DONA BINHÍ A GRANDE FEITICEIRA IX

       Por volta das vinte uma horas os dos meninos que haviam pulado n'água comigo gritaram: -Mãe a comida tá pronta, já pode servir a mesa? -Dona Binhí levantou-se e dirigiu-se para o fogão de barro que ficava do lado de fora da cozinha debaixo do pé de limão capeta, que por incrível que pareça não tinha uma folha se quer maltratada pelo fogo, estranhei pois era pra ele está todo queimado pelo fogo do fogão que passava da altura das panela e fazia os galhos e as folhas do limoeiro balançarem, até a fumaça as vezes queima folhas de árvore, quanto mais fogo alto igual aquele que engolia as duas panelas.

       Minha língua chegou coçar para perguntar sobre aquilo que havia percebido, mas eu já estava falando demais e tive medo de ser repreendida por meu avô que me olhava querendo me matar. Dona Binhí mandou os meninos colocarem uma das panelas na mesa, seu marido imediatamente também levantou-se colocou os pratos com colheres na mesa, puxou alguns troncos de madeiras para servirem de banco, pois no interior não existe cadeira, no máximo mocho, que são bancos de madeira silvestre feitos pelos próprios caboclos, muito dificilmente nessas casas se encontra algum móvel comprado em loja, tudo na casa é feito de forma artesanal, até a colchão é capim e a cama de árvores ou pedaços de pau, varas colocadas uma do lado da outra fazendo uma forma de jangada, só que para segurar o colchão e mantê-lo longe do chão, lá é muito difícil dormir no chão, tem muita cobra e elas sempre passeiam pelo chão da casa.

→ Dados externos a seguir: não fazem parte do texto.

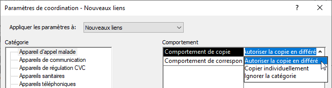 Avant ou lors de la copie d'appareils à partir d'un modèle lié vers un modèle MEP, spécifiez le comportement de copie de chaque catégorie d'appareils dans la boîte de dialogue Spécification des paramètres de coordination.
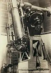 Le moteur d'entrainement, à l'époque mécanique, est constitué d'un simple poids sur poulie, la poulie étant reliée à l'axe équatorial de rotation. Un trou au milieu du pilier de la lunette permettait au poids de descendre jusqu'à l'étage inférieur et d'avoir une grande durée d'autonomie pour l'observation.
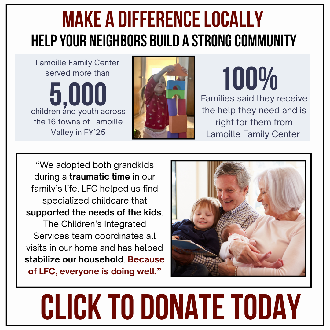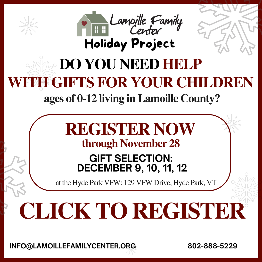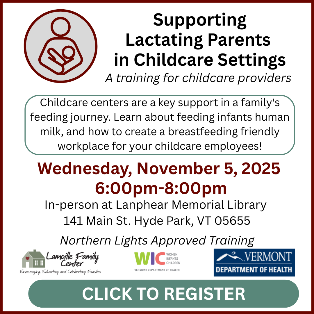 Please click here for a paper Child Care Financial Assistance application. You can drop it off or mail it to Lamoille Family Center.
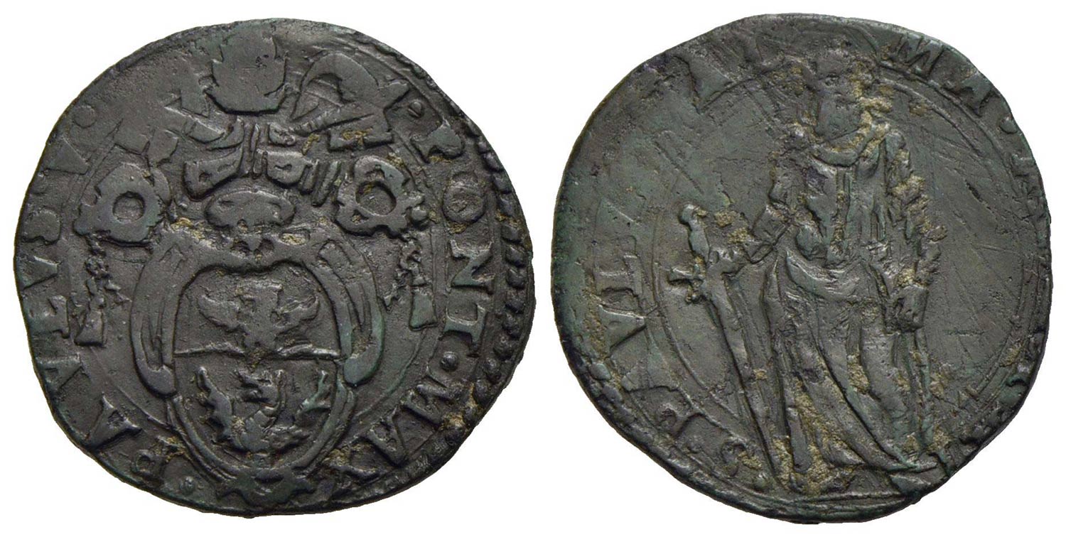 ROMA - Paolo V (1605-1621) - Quattrino - Stemma a targa sagomata - R/ San Paolo con spada - (CU g. 3,45) R CNI 668; Munt. 145 simile Ex Asta Ratto 1962

        Por isso, que muitos caboclos preferem casas com assoalho bem alto para evitar que essas cobras venenosas entrem na casa e mordam alguém, mas mesmo assim as bandidas ainda sobem, o que não é de assustar, pois na maioria das vezes elas ficam nos galhos das árvores quase imperceptíveis, sua cor geralmente é da cor da árvore o que dificulta muito avistá-la, e num pequeno vacilo a mão não pega o pau, mas sim a cobra, que não perde tempo em mostrar o tamanho de suas presas, quando é jiboia só dói a mordida, agora se for surucucu meu amigo, o buraco é mais embaixo, em apenas cinco minutos e você tá colocando sangue por buracos que você nem imagina que tem no corpo.

         Dona Binhí colocou a panela no meio da mesa de madeira maciça feita de itaúba preta, uma madeira de lei muito rara e linda, sua cor parece ser pintada com pincel de tão preta que é, ela abriu a panela e o cheiro da comida espalhou-se por toda casa, um aroma maravilhoso que minha boca encheu de água, ela olhou para mim, e sorriu: -Gostou curumim?

          -Eu respondi afirmativamente com a cabeça.

          -Você já comeu paca? -Afirmei negativamente com a cabeça novamente.

          A cor daquela paca contrastava com a cor da mesa, enquanto o cheiro da paca bem temperada por Dona Binhí enfeitiçava qualquer mortal, era impossível não ficar com a boca cheia d'água.